Climate change causing ‘dead zone’ to form

Terumbu karang perairan Karimun Jawa

Jakarta, 22 maret 2011


Kata Climate change atau perubahan iklim pasti sudah sangat familiar di telinga kita, terutama karena dampaknya mulai terasa nyata bagi manusia. 
Sebenarnya apa sih  perubahan iklim? 
dan apa hubungannya dengan dead zone?


Pada dasarnya, iklim di bumi senantiasa berubah.  Namun perubahan iklim yang terjadi saat ini tidaklah alami melainkan diinduksi oleh kegiatan manusia, seperti pembakaran bahan bakar fosil dan industri. Kegiatan semacam itu menghasilkan emisi gas rumah kaca, yang secara tidak langsung berdampak pada fluktuasi iklim yang ekstrim. 

Emisi gas rumah kaca seperti CO2, menyebabkan energi inframerah dan panas matahari yang diterima bumi tidak dapat dipantulkan kembali keluar bumi.  Energi panas tersebut terperangkap di atmosfer, dan membuat bumi semakin panas (efek rumah kaca).  Pemanasan global tersebutlah yang berakibat pada perubahan iklim.  Perubahan iklim mengakibatkan terganggunya ekosistem dan dapat mengubah habitat lebih cepat daripada kemampuan biota penghuninya beradaptasi terhadap perubahan tersebut.  

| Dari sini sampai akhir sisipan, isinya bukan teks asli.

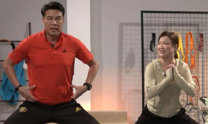 Though Hong said she didn't like vigorous exercises, she joined Zheng in doing some stretches on the show.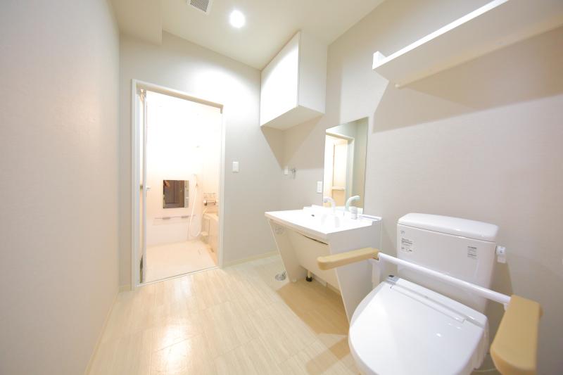 トイレ、収納設備、洗面台、キッチン、浴室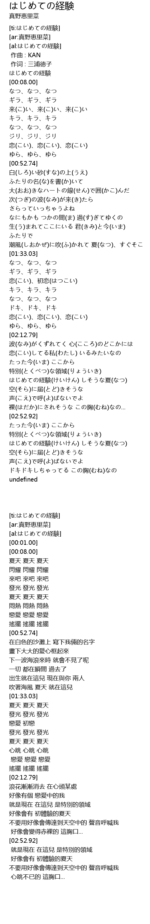| [03:13.46] | はじめての経験(けいけん) しそうな夏(なつ) |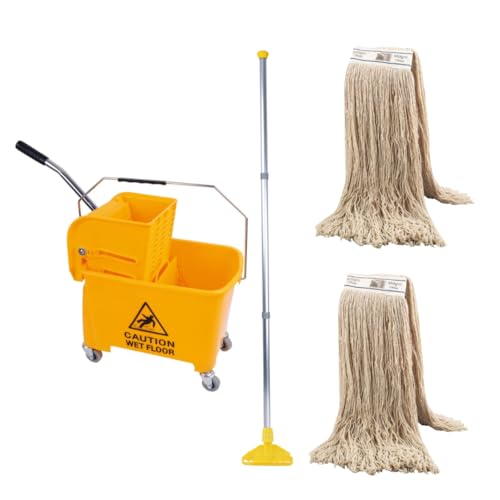 Floor Mop and Bucket Set - 2PC Mops for Cleaning Floors with Bucket, Pure Yarn Mop Heads and Heavy-Duty Mop Bucket, Industrial Mop and Bucket for Domestic and Commercial Use (Yellow)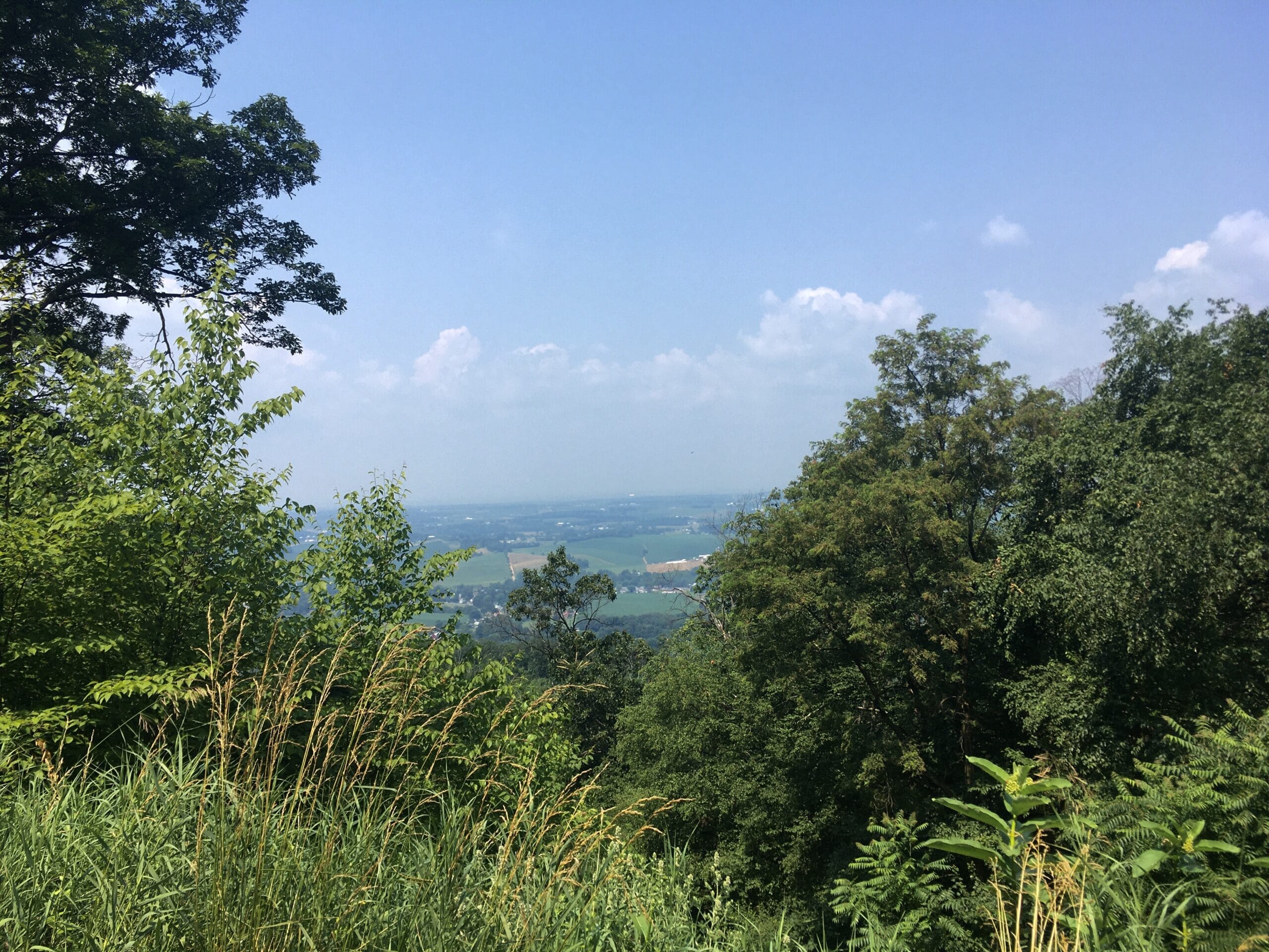 Wirt Rd. climbs (of course) about 800 feet over 3.5 miles, keeping a fairly consistent 4-5% grade before leveling out ahead of a final kicker at the top. It follows the valley of Vineyard Run as it winds to the top of Sandy Ridge. At the 4-way intersection at the top, stay left on Oak Rd., which rolls for a while around Quincy Mountain before descending to Mont Alto State Park. There are a few sections where large, flat rocks were used to mitigate erosion issues on this gravel road, so stay alert to avoid a surprising change of surface. There is a vista about halfway down the descent that offers farmland views towards the west and the ridges of Tuscarora State Forest in the distance.

Kita telah mengubah cara laut bekerja.  Baru-baru ini Professor Ove Hoegh-Guldberg dan Professor Mark McCormick dari ARC Centre of Excellence for Coral Reef Studies, merilis artikel ilmiah mengenai makin meluasnya area dead zone di lautan, dampak dari perubahan iklim.  Dead zone merupakan area dimana kandungan oksigennya sangat sedikit hingga ikan dan biota laut lainnya tidak dapat bertahan. 

Menurut Prof. Hoegh-Guldberg, air laut yang menghangat (akibat pemanasan global) cenderung membentuk lapisan, yang seperti genangan kolam, miskin akan oksigen.  Hal yang sama dinyatakan oleh Peter Brewer and Edward Peltzer dari The Monterey Bay Aquarium Research Institute, “ocean surface waters are warming and becoming more stable, which allows less oxygen to be carried from the surface down into the depths”. 

Perubahan kekuatan angin dan arus laut akibat pengaruh perubahan iklim, membatasi percampuran antara air laut di permukaan dengan air laut dalam.  Hal itu mengakibatkan perubahan distribusi nutrien, yang kemudian menyebabkan terbentuknya zona anoxic (tidak ada oksigen).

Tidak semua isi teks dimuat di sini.